## Given data
= = = =
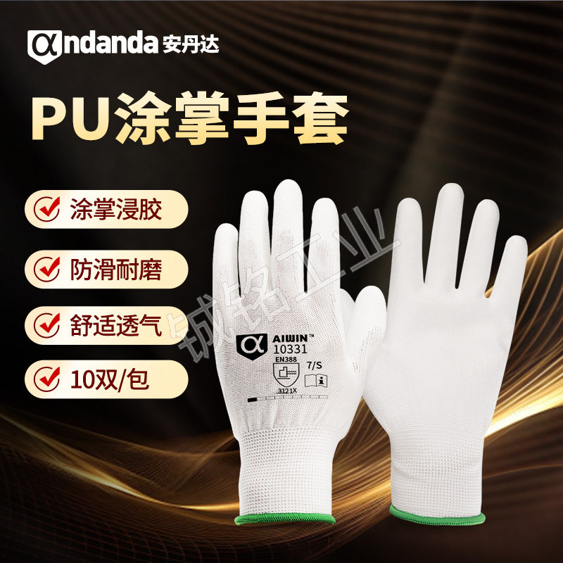 AIWIN 经济款涤纶PU掌浸手套 10331 7码 白色 10双 1包
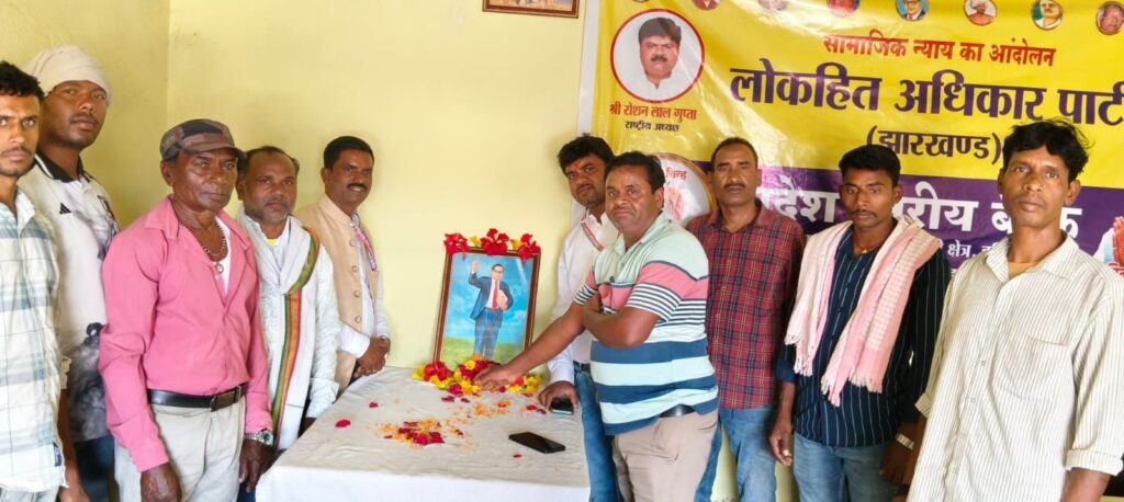 कांके/ रांची : डॉ. भीमराव अंबेडकर की जयंती के अवसर पर मंगलवार को रांची के कांके, हथिया पत्थर स्थित लोकहित अधिकार पार्टी के प्रदेश कार्यालय में भव्य कार्यक्रम का आयोजन किया गया। कार्यक्रम में प्रदेश के विभिन्न जिलों से आए पार्टी के प्रतिनिधियों, पदाधिकारियों और कार्यकर्ताओं ने भाग लिया।
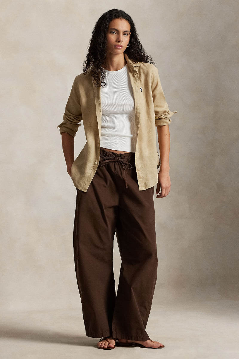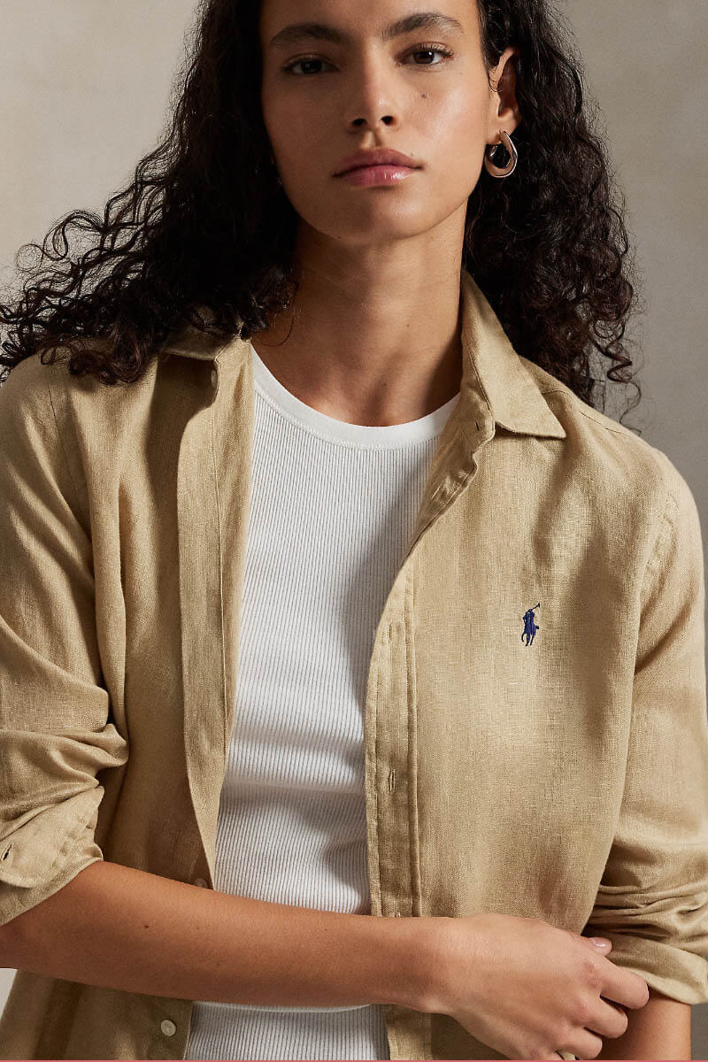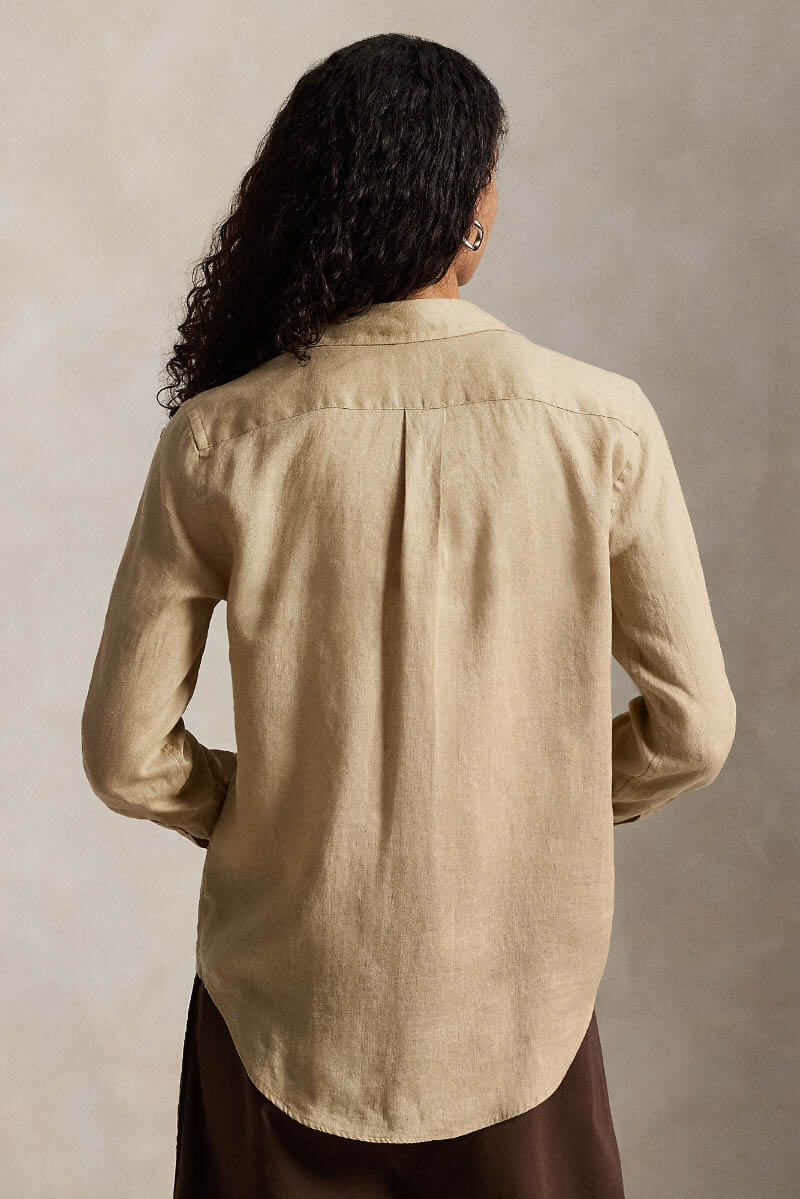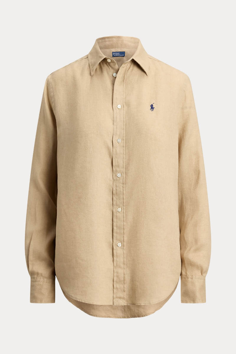 Linen shirt with a straight fit, point collar, and button front from Polo Ralph Lauren.- True to size, relaxed fit
= = = =
## Aim of the exercise
The task requires the full listing to be given again verbatim, without its pictures.

## Solution
 AIWIN 经济款涤纶PU掌浸手套 10331 7码 白色 10双 1包
 कांके/ रांची : डॉ. भीमराव अंबेडकर की जयंती के अवसर पर मंगलवार को रांची के कांके, हथिया पत्थर स्थित लोकहित अधिकार पार्टी के प्रदेश कार्यालय में भव्य कार्यक्रम का आयोजन किया गया। कार्यक्रम में प्रदेश के विभिन्न जिलों से आए पार्टी के प्रतिनिधियों, पदाधिकारियों और कार्यकर्ताओं ने भाग लिया।
 Linen shirt with a straight fit, point collar, and button front from Polo Ralph Lauren.- True to size, relaxed fit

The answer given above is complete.